This article is structured as follows. It commences with an overview of the importance of artefacts in accounting research. A historiography of the War of 1812 as well as the role Native Americans played in the conflict is then detailed to contextualize the article. This includes a review of the Creek War of 1813–14 and the First Seminole War of 1818–19. The artefact that is the subject of this article is then detailed. This section includes an explication of its discovery in the War Office records of the War of 1812 held at the National Archives in London. An overview of the Creek Chief, Hillis Hadjo, mentioned in the artefact is then provided to facilitate an understanding of him. The role of Lieutenant-Colonel Edward Nicolls, the creator of the artefact is then detailed. This information includes a description of how the hopes for a draft treaty, which accompanied the artefact, foundered due to changing diplomatic priorities following the end of the War of 1812. A discussion of the role that accounting artefacts play as a source of primary information in accounting research, as well as how drawing on prior research can assist us to understand particular events follows.

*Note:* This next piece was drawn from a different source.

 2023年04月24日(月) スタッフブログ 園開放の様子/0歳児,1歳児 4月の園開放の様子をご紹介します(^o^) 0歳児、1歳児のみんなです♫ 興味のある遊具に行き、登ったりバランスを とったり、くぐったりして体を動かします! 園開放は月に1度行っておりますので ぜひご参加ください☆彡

The article ends with conclusions and potential avenues for further research.
The use of accounting artefacts as sources of historical information
Surviving accounting records are important sources of information as they form the basis from which past practices can be critiqued (Parker, 1997). They provide additional empirical evidence that augments current understanding of past events. Accounting records should, however, not be seen as the sole or primary source of information (Napier, 1989). As Parker (1997: 114) observes, “Further sources include publicly available documents such as legal cases, journalistic writings and also private documents such as minute books of directors’ meetings, correspondence between owners and managers, managers [sic] notebooks and so on”. Howell and Prevenier (2001: 18) explain that relics or artefacts were normally “created for the specific purposes of the age in which they were made … and were usually not designed for the use of posterity”.

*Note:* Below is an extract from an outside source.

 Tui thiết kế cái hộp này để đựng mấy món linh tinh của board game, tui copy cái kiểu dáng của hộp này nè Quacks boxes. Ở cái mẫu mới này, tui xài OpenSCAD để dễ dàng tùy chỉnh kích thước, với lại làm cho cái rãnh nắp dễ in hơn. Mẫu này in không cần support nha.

The use of artefacts as a source of information in accounting research is well documented. Prior research includes Jeacle (2009: 680) who uses ledgers as accounting artefacts to “illustrate a significant period of twentieth century cultural history”. To support that position, Jeacle (2009) argues that a bookkeeping ledger not only records past transactions, but also provides a historical context for social events. For example, Fleischman and Tyson (2000) use artefacts in the form of Hawaiian sugar plantation records for the period 1835–1920 when exploring the interface of race and accounting. Additionally, Bisman (2009) explains how a census can take the form of an artefact to be used in accounting studies and in setting a research agenda. Using accounting artefacts can, therefore, be seen as being consistent with Carnegie and Napier’s (1996: 7) view that “our notion of what constitutes the archive, and our ways of communicating, explicating and interpreting the archive, should not be taken as fixed”.
Method
This article results from the opportunistic discovery (Freeman, 1987) of an accounting artefact whilst undertaking research for a different project (Francis, 1999). The item had resided for nearly 200 years amongst the boxes of the War Office: War of 1812 papers, now stored at the National Archives in London. The artefact is a document providing “Estimates of Clothing for the Creek Indian Chief Hidlis Hadgo” and is reproduced here as Figure 1. Being accountants we were drawn to examine it further and discovered the accompanying “draft treaty”.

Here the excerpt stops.